SUPPLIED MATERIAL Start Marker

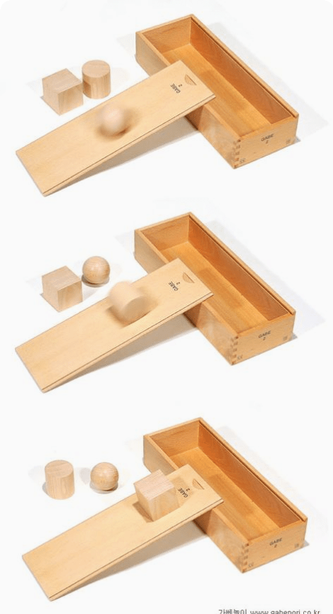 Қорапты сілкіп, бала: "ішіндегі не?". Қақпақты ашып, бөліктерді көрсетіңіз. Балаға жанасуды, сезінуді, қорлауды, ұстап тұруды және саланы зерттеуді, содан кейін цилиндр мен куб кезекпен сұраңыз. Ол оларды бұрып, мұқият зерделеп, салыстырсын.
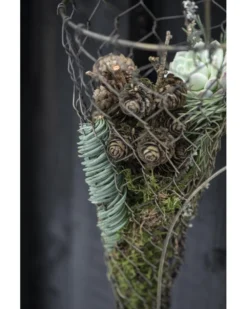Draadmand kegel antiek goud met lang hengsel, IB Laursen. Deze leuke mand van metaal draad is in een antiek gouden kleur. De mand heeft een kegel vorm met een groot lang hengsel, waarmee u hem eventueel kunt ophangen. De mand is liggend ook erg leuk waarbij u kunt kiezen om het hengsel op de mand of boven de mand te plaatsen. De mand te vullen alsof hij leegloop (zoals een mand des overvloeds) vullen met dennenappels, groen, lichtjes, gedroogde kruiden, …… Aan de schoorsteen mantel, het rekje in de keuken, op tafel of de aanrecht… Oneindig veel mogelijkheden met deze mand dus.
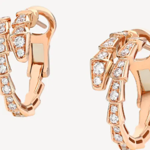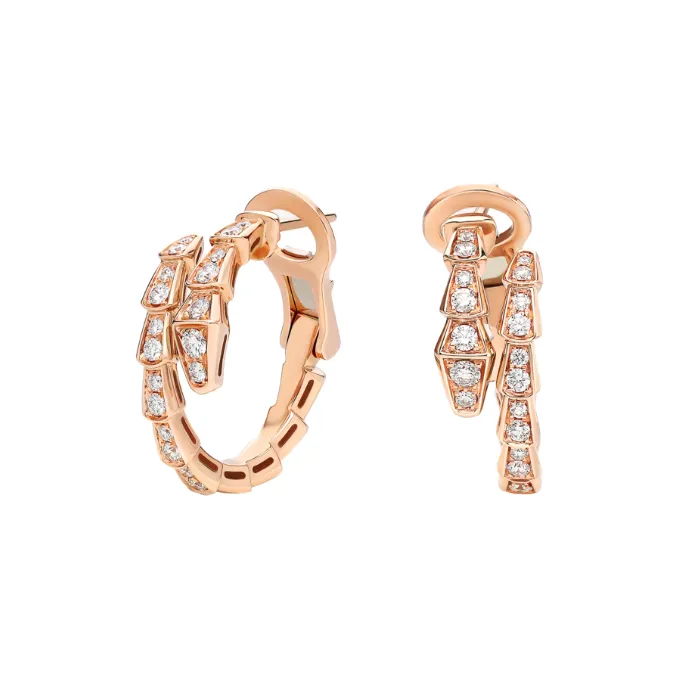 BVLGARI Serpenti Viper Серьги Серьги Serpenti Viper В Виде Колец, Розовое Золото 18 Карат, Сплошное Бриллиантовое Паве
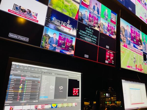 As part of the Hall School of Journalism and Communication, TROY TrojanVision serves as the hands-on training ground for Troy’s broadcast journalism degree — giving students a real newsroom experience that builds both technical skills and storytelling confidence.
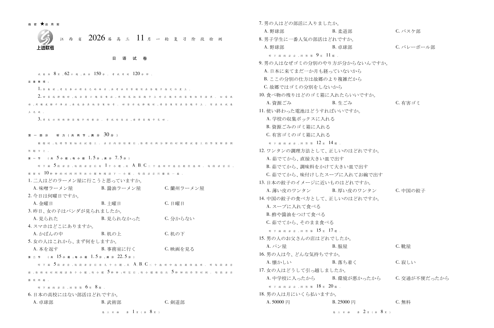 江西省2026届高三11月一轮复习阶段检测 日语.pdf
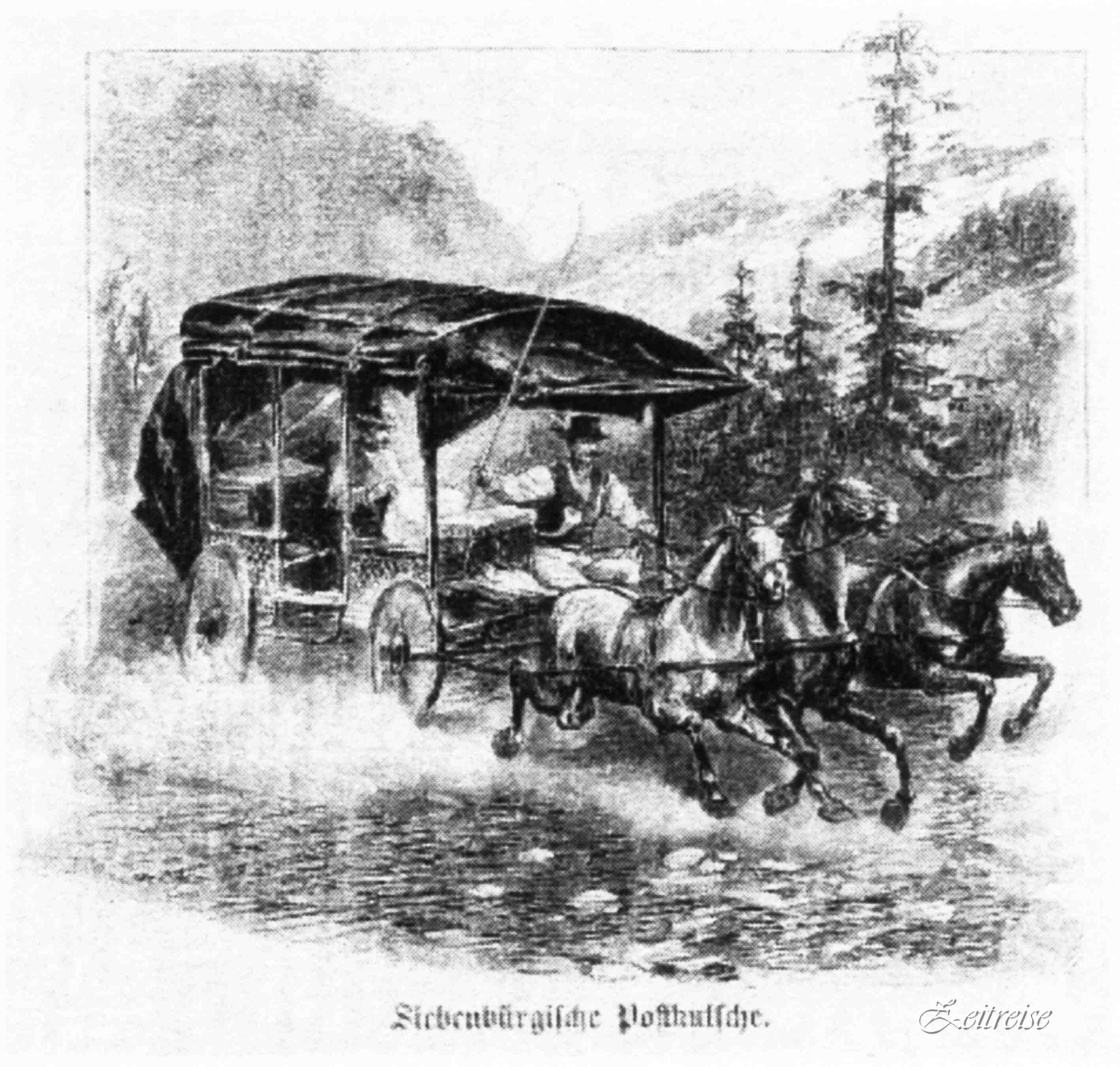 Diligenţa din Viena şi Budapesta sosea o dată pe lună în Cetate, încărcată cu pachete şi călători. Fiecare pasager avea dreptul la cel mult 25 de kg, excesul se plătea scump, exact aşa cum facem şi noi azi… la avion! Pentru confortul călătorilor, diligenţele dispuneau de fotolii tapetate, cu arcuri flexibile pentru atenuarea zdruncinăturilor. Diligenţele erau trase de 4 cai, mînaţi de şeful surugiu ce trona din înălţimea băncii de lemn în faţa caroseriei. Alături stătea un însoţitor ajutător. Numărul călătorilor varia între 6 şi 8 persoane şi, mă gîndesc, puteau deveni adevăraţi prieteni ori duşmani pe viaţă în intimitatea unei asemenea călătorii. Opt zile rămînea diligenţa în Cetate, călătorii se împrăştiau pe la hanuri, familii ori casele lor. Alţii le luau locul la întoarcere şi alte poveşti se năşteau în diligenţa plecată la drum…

SUPPLIED MATERIAL End Marker

Repeat the entries above exactly and skip the images.

 Қорапты сілкіп, бала: "ішіндегі не?". Қақпақты ашып, бөліктерді көрсетіңіз. Балаға жанасуды, сезінуді, қорлауды, ұстап тұруды және саланы зерттеуді, содан кейін цилиндр мен куб кезекпен сұраңыз. Ол оларды бұрып, мұқият зерделеп, салыстырсын.
Draadmand kegel antiek goud met lang hengsel, IB Laursen. Deze leuke mand van metaal draad is in een antiek gouden kleur. De mand heeft een kegel vorm met een groot lang hengsel, waarmee u hem eventueel kunt ophangen. De mand is liggend ook erg leuk waarbij u kunt kiezen om het hengsel op de mand of boven de mand te plaatsen. De mand te vullen alsof hij leegloop (zoals een mand des overvloeds) vullen met dennenappels, groen, lichtjes, gedroogde kruiden, …… Aan de schoorsteen mantel, het rekje in de keuken, op tafel of de aanrecht… Oneindig veel mogelijkheden met deze mand dus.
 BVLGARI Serpenti Viper Серьги Серьги Serpenti Viper В Виде Колец, Розовое Золото 18 Карат, Сплошное Бриллиантовое Паве
 As part of the Hall School of Journalism and Communication, TROY TrojanVision serves as the hands-on training ground for Troy’s broadcast journalism degree — giving students a real newsroom experience that builds both technical skills and storytelling confidence.
 江西省2026届高三11月一轮复习阶段检测 日语.pdf
 Diligenţa din Viena şi Budapesta sosea o dată pe lună în Cetate, încărcată cu pachete şi călători. Fiecare pasager avea dreptul la cel mult 25 de kg, excesul se plătea scump, exact aşa cum facem şi noi azi… la avion! Pentru confortul călătorilor, diligenţele dispuneau de fotolii tapetate, cu arcuri flexibile pentru atenuarea zdruncinăturilor. Diligenţele erau trase de 4 cai, mînaţi de şeful surugiu ce trona din înălţimea băncii de lemn în faţa caroseriei. Alături stătea un însoţitor ajutător. Numărul călătorilor varia între 6 şi 8 persoane şi, mă gîndesc, puteau deveni adevăraţi prieteni ori duşmani pe viaţă în intimitatea unei asemenea călătorii. Opt zile rămînea diligenţa în Cetate, călătorii se împrăştiau pe la hanuri, familii ori casele lor. Alţii le luau locul la întoarcere şi alte poveşti se năşteau în diligenţa plecată la drum…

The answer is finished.